Citando
"Quando alguém ouve ou lê uma coisa que se tenha escrito, o elogio é invariavelmente dizerem-nos que era aquilo mesmo que tinham pensado. Passam-se meses a observar e a escrevinhar e o leitor agradecido não se contém: «É incrível como você pôs em palavras coisas que eu tinha pensado há muito tempo...!» Fica-se sempre com uma sensaçãozinha de ladroagem. E um eco indesejado daquela cantinela horrenda que asseverava: «Só nós dois é que sabemos.»
A atitude epistemológica portuguesa resume-se da seguinte maneira: «Eu sei tudo, mas é tanta coisa que a certa altura esqueço-me completamente. Como é que era aquilo? Tu, em contrapartida, sabes muito mas não tanto como eu, atenção. Tens é uma memória do caraças.» Anseia-se por aquelas duas palavras que não envergonham as outras raças e que tantas vezes conduzem ao esclarecimento: «Não sei». Ou três: «Não fazia ideia». (...)
Ser português é fingir que se sabe tudo mas querendo saber umas coisinhas ao mesmo tempo. Ficar surpreendido é dar parte fraca, pelo que a aprendizagem tem de fazer-se de uma posição de força, um bocado bruta até. A atitude dos portugueses perante uma novidade interessante é mostrar fastio e condescendência.
A formulação típica (versão curta) é: «Olhe, não me está a dar novidade nenhuma, que eu isso já estava farto de saber....e, aliás, estive mesmo para lhe chamar a atenção precisamente para isso, só que falatava-me uns elementos, não sei se está a ver...»
O facto de esta pose de omnisciência não enganar ninguém só a torna mais incompreensível e encantadora."
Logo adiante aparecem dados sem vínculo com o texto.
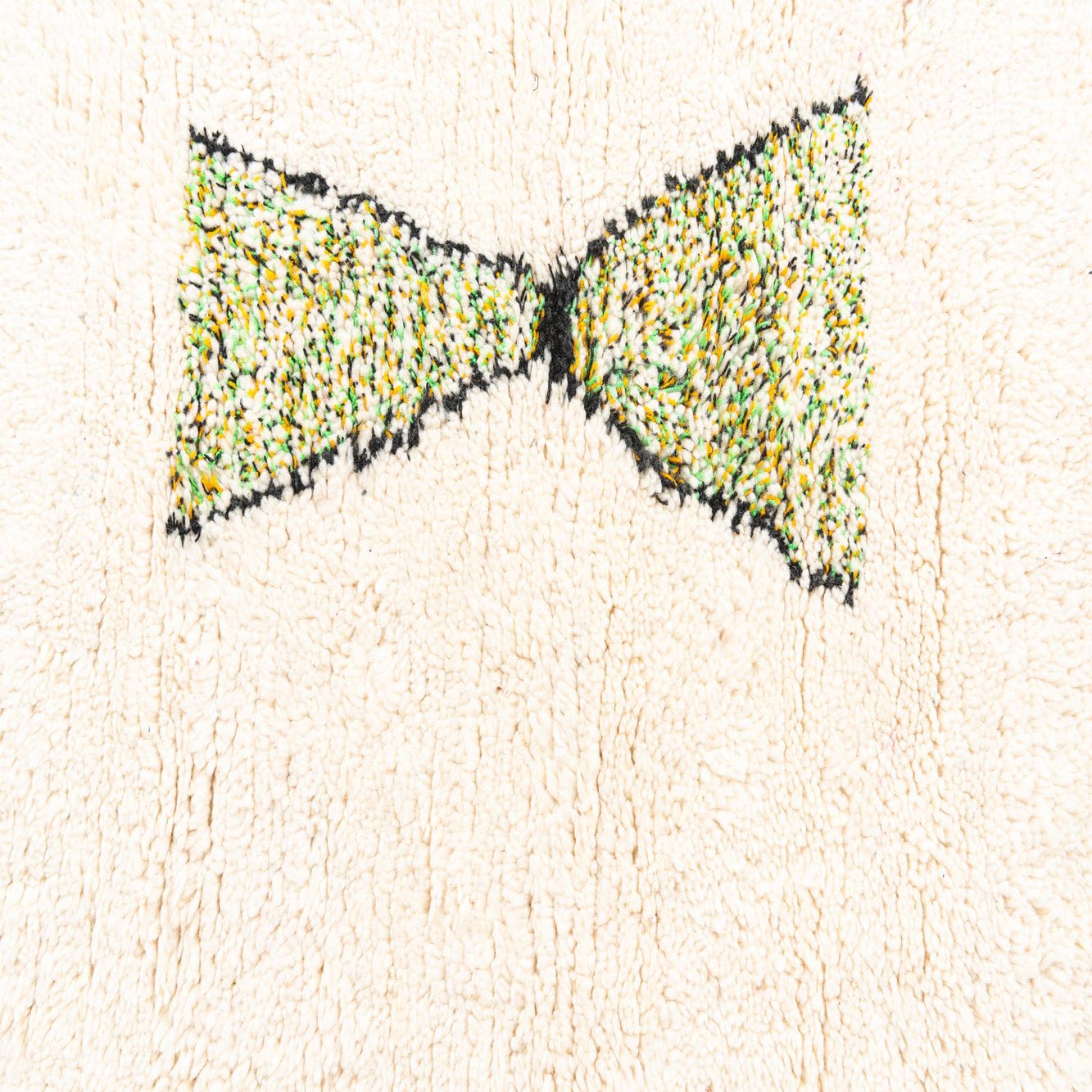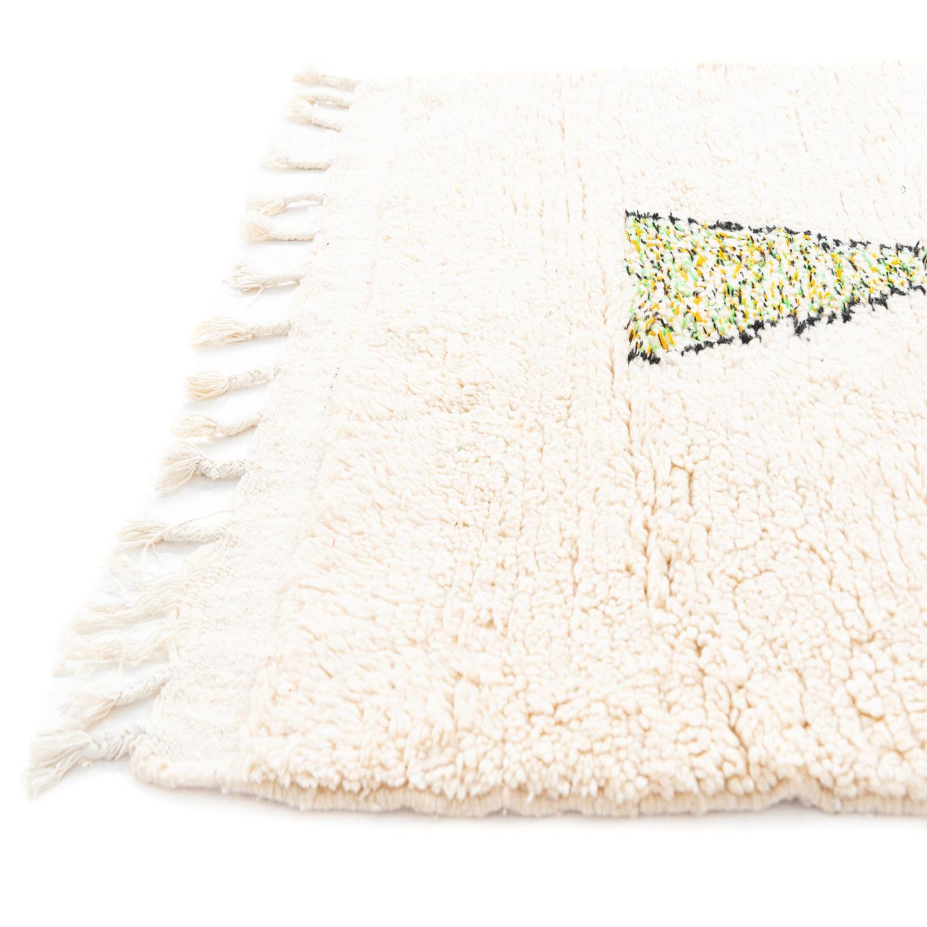 A 3x5 rectangular ivory shag rug with a central green and yellow hourglass-shaped tribal pattern, featuring tassels.

Miguel Esteves Cardoso, "A Minha Andorinha" (2006).
1 Comentários:
talvez tenha o português em si tanto que não consegue lidar com isso, e portanto daí a frequente incapacidade de se pôr em prática aquilo que se quer. Mas se o problema é lidar com o que existe, e com o que se é, há certamente quem o consiga fazer, tanto mais porque é a nossa cultura riquíssima, para onde quer que olhemos. Se o português se enfastia deverá ser porque sabe que já o D. Afonso Henriques e o D. Dinis tinham feito isso, ou se o não fizeram, pensaram certamente. Para quem vê tudo como um todo, será naturalmente difícil nomear o inominável ou explicar o incompreensível. Mas quando se trata de fazer, ah, aí, o português faz. E tanto mais depressa e melhor faz quanto menos pensa e mais age. É difícil compreender algo imprevisível, mas o português compreende fazendo. É essa a beleza de ser português.